Jhanay Harris' house is in financial order (Photo by Lonnie C. Major)
At 24, Jhanay Harris is a poster child for getting off to a good start. On her laptop she has an Excel spreadsheet of her budget, where she dutifully tracks her rent, groceries, and other expenses. She has $100 automatically taken from each paycheck and funneled into savings. She has no credit card debt. And because she had a full athletic scholarship to play basketball at Central Connecticut State University, she has no student loan debt.

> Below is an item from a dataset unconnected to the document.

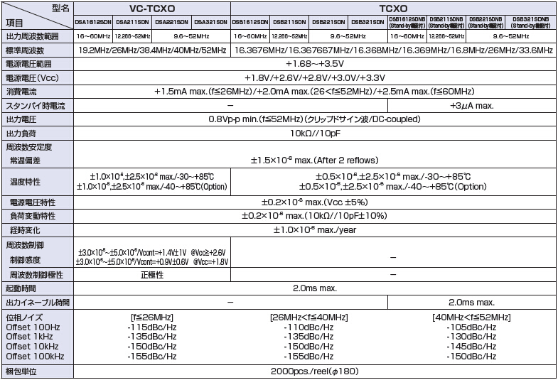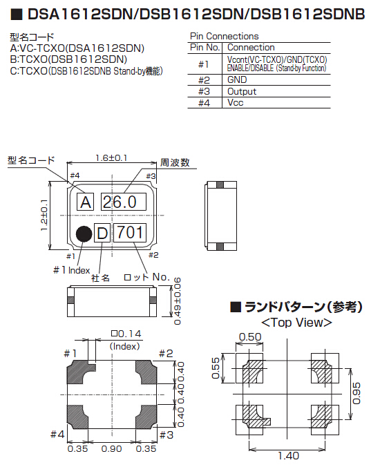 進口KDS晶振,DSA1612SDN(VC-TCXO),DSB1612SDN(TCXO)有源晶振,頻率范圍12.288MHz~52.0MHz,小型SMD封裝1.6*1.2*0.49mm,VC-TCXO產品內部晶片焊接模式采用了,高精密點膠技術:晶片膠點的位置、大小:位置準確度以及膠點大小一致性,通過圖像識別及高精密度數字定位系統的運用、使晶片的點膠的精度在±0.02mm之內.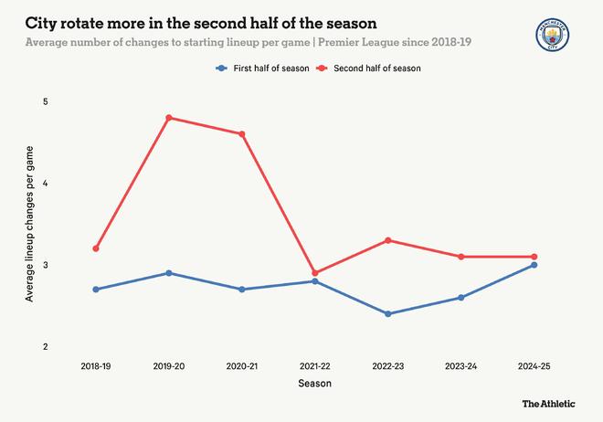 瓜迪奥拉比往常更多地坚持使用这套首选阵容,也许只是为了现阶段能跟上节奏,但在下半赛季,他肯定需要信任他更广泛的阵容。球员轮换及其带来的休息,一直是曼城在赛季后半段表现出色的关键支柱。

“My parents were both teachers. They always taught me to save and the value of the dollar,” says Harris, who lives in Wallington, New Jersey. “I’ve heard the horror stories. It’s hard to get out of debt when the interest piles up,” Harris says. “My mom sat me down and talked to me about these kinds of [things]. You have to be smart and be conscious of how debt hinders you in the future.” She’s not trying to go down that road. Her credit score is just more than 700. Harris is so squeamish about debt that she wants to pay off the five-year loan for the 2007 Honda Accord she purchased in 2010 early.
Harris, who earned a Bachelor of Science in marketing in 2009, joined the New Jersey Nets right after graduation, working part time in their inside sales department. In June 2010 she was promoted to the full-time position of group sales assistant and about a year later, promoted again to a marketing assistant. She currently makes $32,000. She has more than $3,500 combined in her checking and savings. Though after her expenses she has around $350 left over from each paycheck, she hasn’t gone to the next step—investing. “I’m not sure how much I can contribute if I were to start saving in my company’s 401(k). If I put money in the 401(k) it will mean I have less to put in my savings and I don’t want that account to go too low. You can’t easily pull out money from a 401(k) if you have an emergency.”
She’s interested, but hesitant. Harris would also like to invest outside of a 401(k). However, she says she doesn’t have much appetite for risk, especially after having watched the stock market the last couple of years. “I want something relatively safe,” she says.